Wall Street Reporter interview with Uli Hacksell about 6 months ago (August 13, 2004).
WSR: For those members of our audience here that haven't had the opportunity of tracking and following ACADIA Pharmaceuticals Inc. and its history, let's start with a timeline and background here on the company.
ACAD: ACADIA started as a drug discovery company in 1997 with a small group of people that has been increasing in number over time. Currently, ACADIA has about 100 people in total, with operations in San Diego, where we have our biology facilities and headquarters, and in Copenhagen, where we have our chemistry operations. Today, ACADIA has reached a stage where we have a very exciting drug development pipeline that is quickly maturing. It consists of five development programs. Three of these are run entirely by ACADIA and are at the Phase II stage. Two additional programs are being developed in collaboration with our partner, Allergan. ACADIA’s discovery engine has produced all of these five development programs. Hence, the productivity of our discovery platform is validated through the generation of a robust development pipeline. It continues to generate additional opportunities in the area of diseases for the central nervous system, or CNS, which is our focus, but also in other areas where we can partner our assets and use those revenues to fuel our development pipeline and move forward more aggressively.
WSR: What are the things we should note here about addressing the central nervous system disorders market space, and what are the trends here that you see shaping the way in which you operate and develop products?
ACAD: We are focusing primarily on three different CNS areas: Parkinson's disease, schizophrenia, and neuropathic pain.
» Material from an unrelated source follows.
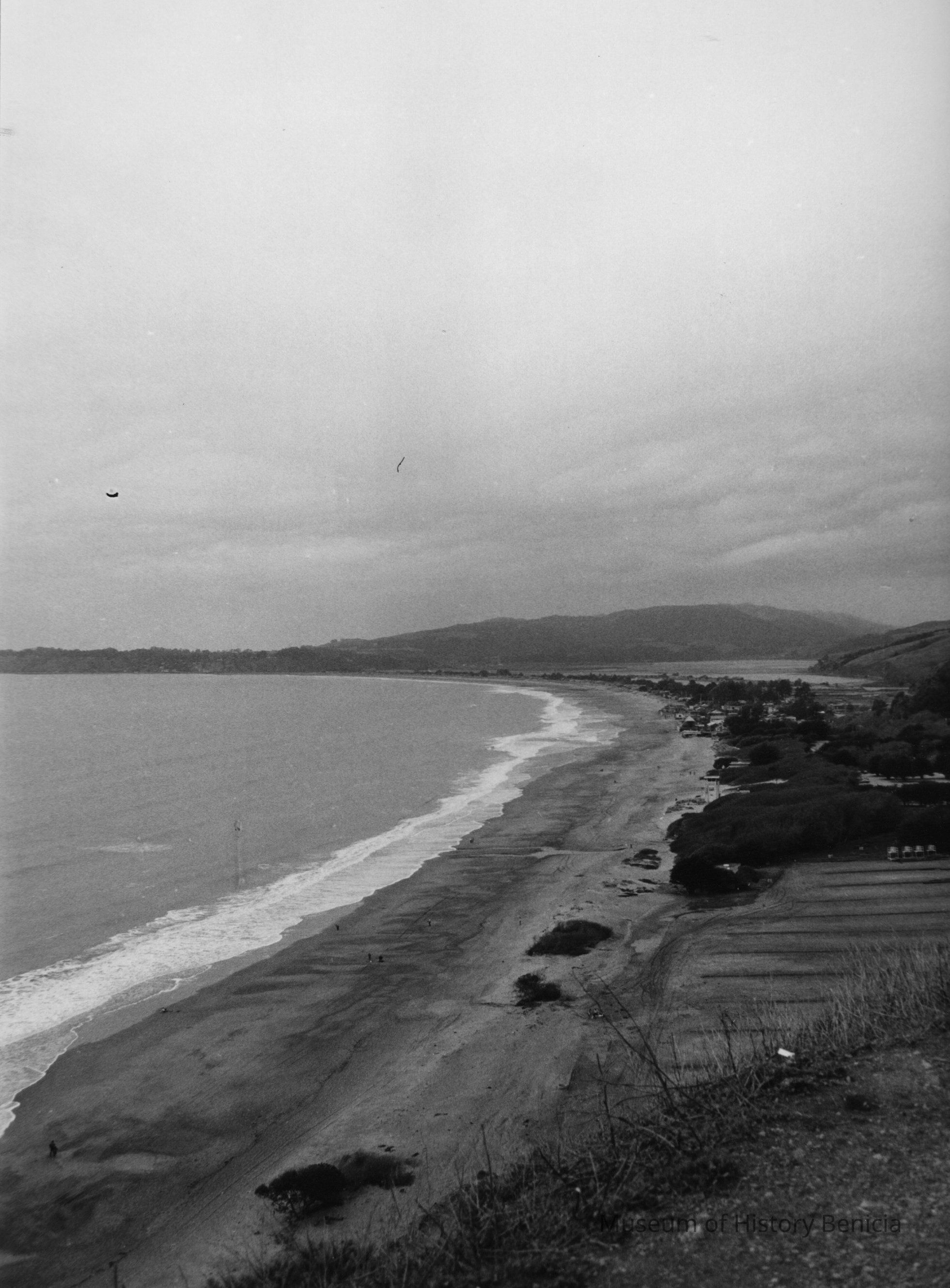B/W photograph of wide beach - possibly this is Stinson or Muir Beach in Marin County with Bolinas at left and Bolinas Lagoon right of center.Collection

Let me start with the schizophrenia market, because it is currently the largest market. Schizophrenia is treated with antipsychotic agents, and the worldwide market for antipsychotic agents is around $12 billion. The market leader is Zyprexa, which has annual sales of over $4 billion. Risperdal, the most frequently prescribed antipsychotic drug, is number two in the market with annual sales of over $2 billion. These drugs are blockbusters despite the fact that they provide suboptimal treatment. They are associated with a large number of side effects and they are not effective in all patients. In addition, they do not treat the cognitive deficiencies associated with schizophrenia, which is one of the major unmet medical needs. ACADIA has two development programs in schizophrenia that deal with deficiencies of the current therapies: adjunctive therapy with ACP-103, which we expect will improve clinical outcomes for patients using existing antipsychotic agents, and ACP-104, which we expect will provide effective antipsychotic therapy with cognitive benefits.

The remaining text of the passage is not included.